• **Exercise prompt**:
Please return every entry below exactly as written, without any of its pictures.

(Stored items from a collection)
##########

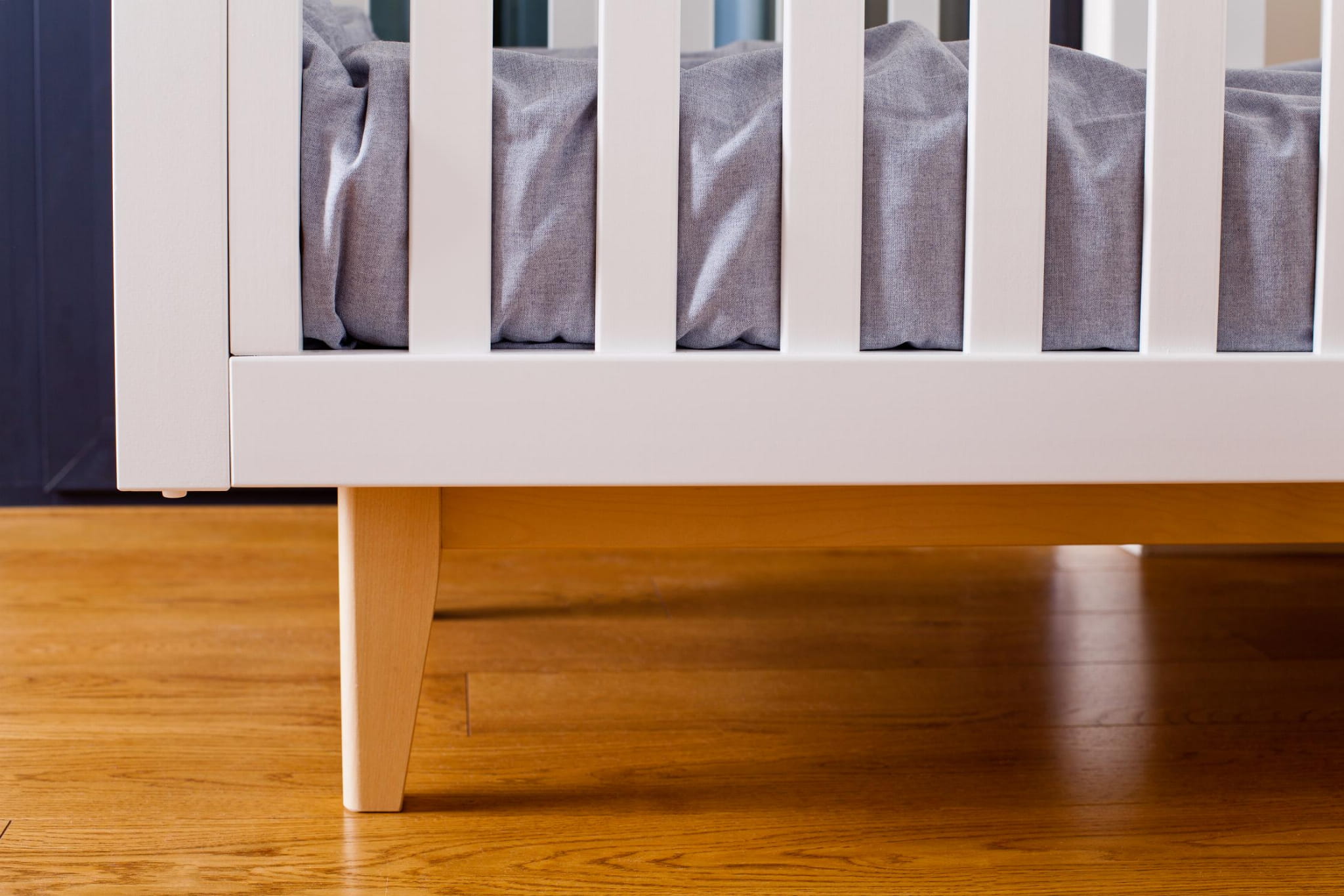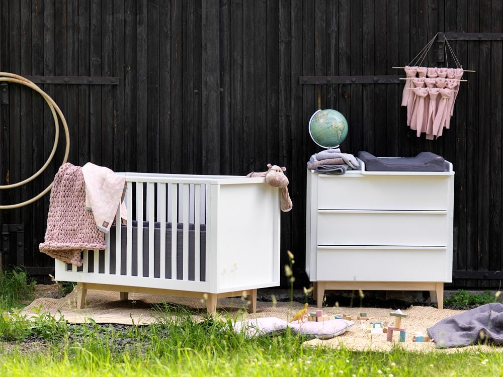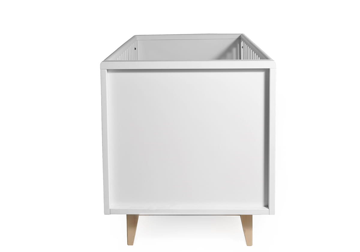 Łóżeczko występuje w kolorze białym, nogi w kolorze naturalnego drewna.
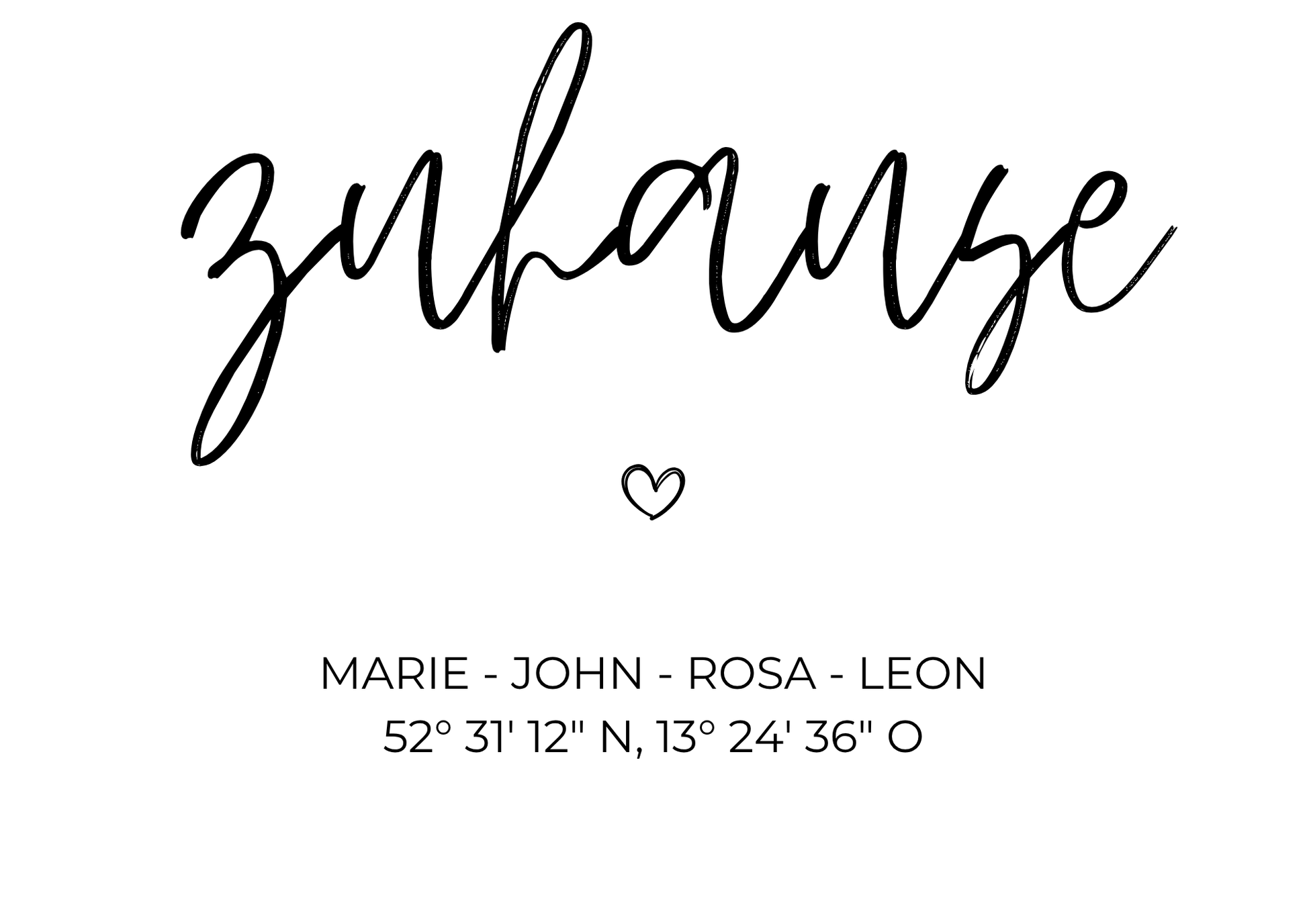 Schaffen Sie sich ein persönliches Kunstwerk für Ihr Zuhause, das die Einzigartigkeit Ihrer Familie widerspiegelt. Mit dieser personalisierten Lösung integrieren Sie die Namen Ihrer Liebsten in ein individuelles Design, das Ihre Wohnräume mit persönlicher Bedeutung erfüllt. Ein durchdachtes Geschenk, das emotionale Verbundenheit visuell zum Ausdruck bringt.
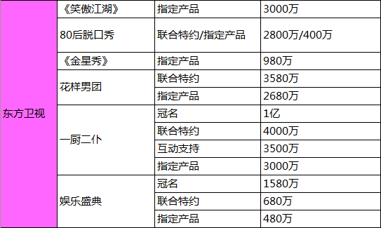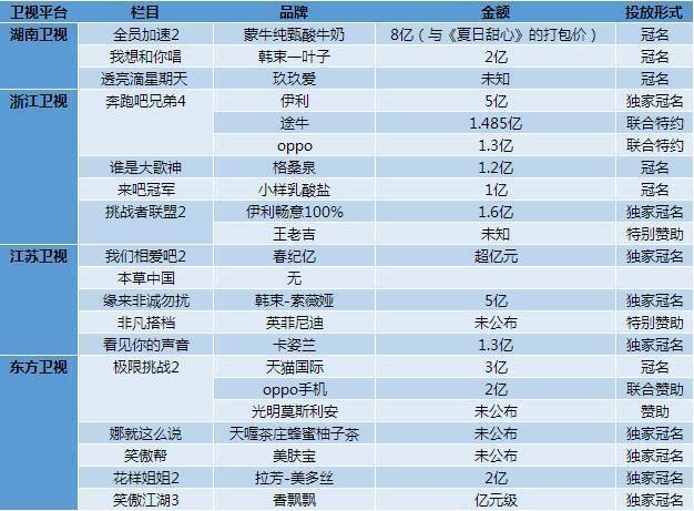 从上表中可以看到,品牌们的大额广告资金还是涌向了湖南卫视、浙江卫视、江苏卫视、东方卫视四大一线卫视的强势节目。
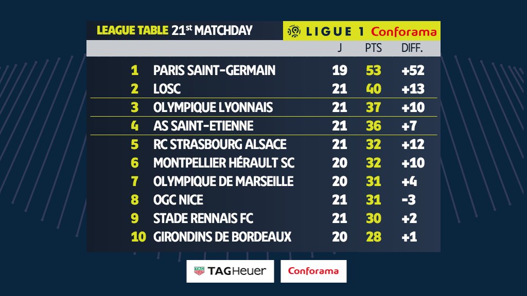 Ligue 1 table 11 12. Psg carved out a two point lead atop the ligue 1 conforama standings with an mbappeneymar powered 1 0 win in bordeaux. The 201011 ligue 1 season known as ligue 1 orange for sponsorship reasons was the 73rd since its establishment. Lille have won their last 4 home matches.
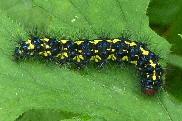 Police Car Moth larva ( Gnophaela vermiculata ) – Specialist on mountain bluebells. (photo © Jon Hakim )
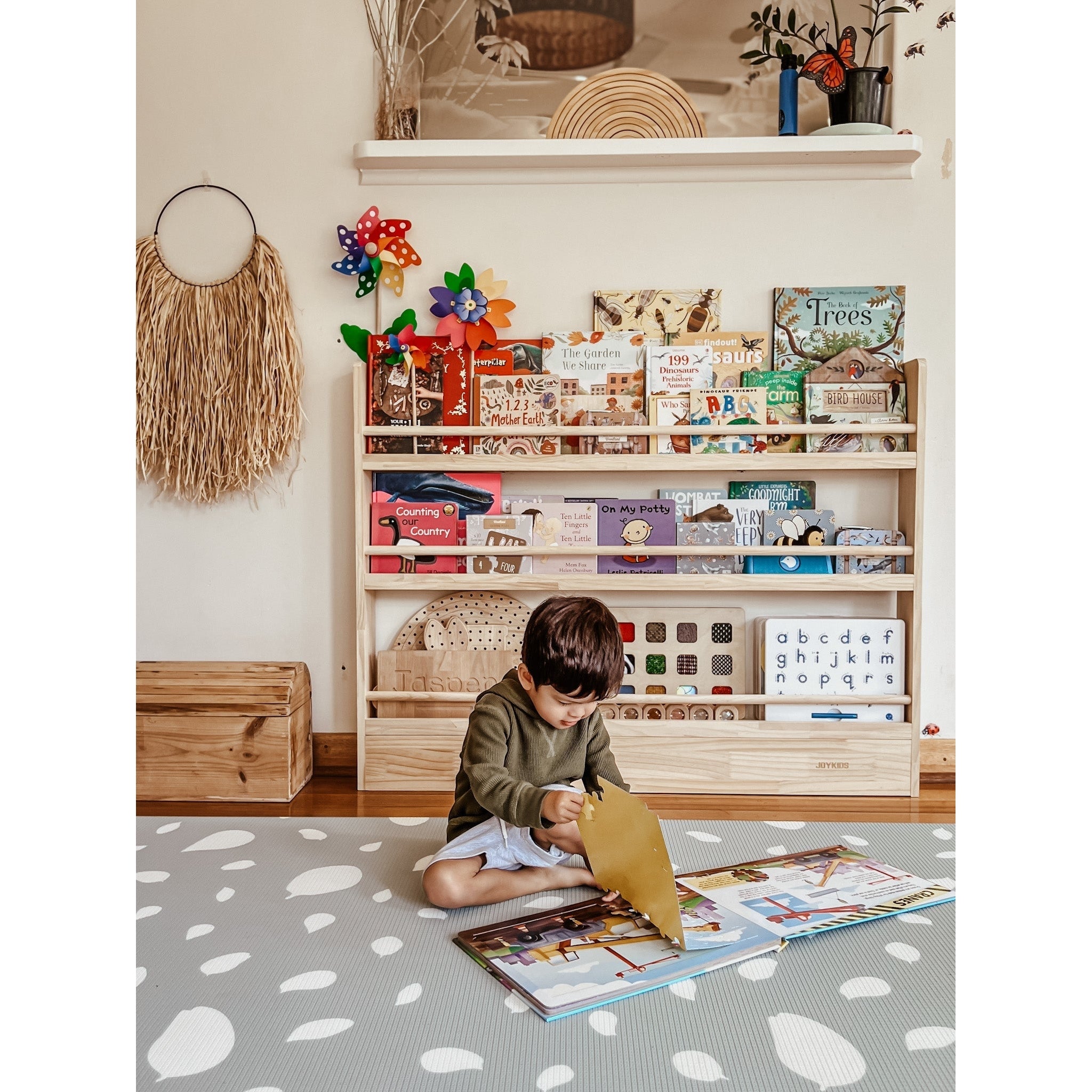 A beautiful, space-smart bookshelf that puts stories on display - perfect for bedrooms, playrooms and classroom reading corners. The front-facing design helps kids see their favourites at a glance, reach independently, and keep shelves tidy.

##########

• **Result below**:
 Łóżeczko występuje w kolorze białym, nogi w kolorze naturalnego drewna.
 Schaffen Sie sich ein persönliches Kunstwerk für Ihr Zuhause, das die Einzigartigkeit Ihrer Familie widerspiegelt. Mit dieser personalisierten Lösung integrieren Sie die Namen Ihrer Liebsten in ein individuelles Design, das Ihre Wohnräume mit persönlicher Bedeutung erfüllt. Ein durchdachtes Geschenk, das emotionale Verbundenheit visuell zum Ausdruck bringt.
 从上表中可以看到,品牌们的大额广告资金还是涌向了湖南卫视、浙江卫视、江苏卫视、东方卫视四大一线卫视的强势节目。
 Ligue 1 table 11 12. Psg carved out a two point lead atop the ligue 1 conforama standings with an mbappeneymar powered 1 0 win in bordeaux. The 201011 ligue 1 season known as ligue 1 orange for sponsorship reasons was the 73rd since its establishment. Lille have won their last 4 home matches.
 Police Car Moth larva ( Gnophaela vermiculata ) – Specialist on mountain bluebells. (photo © Jon Hakim )
 A beautiful, space-smart bookshelf that puts stories on display - perfect for bedrooms, playrooms and classroom reading corners. The front-facing design helps kids see their favourites at a glance, reach independently, and keep shelves tidy.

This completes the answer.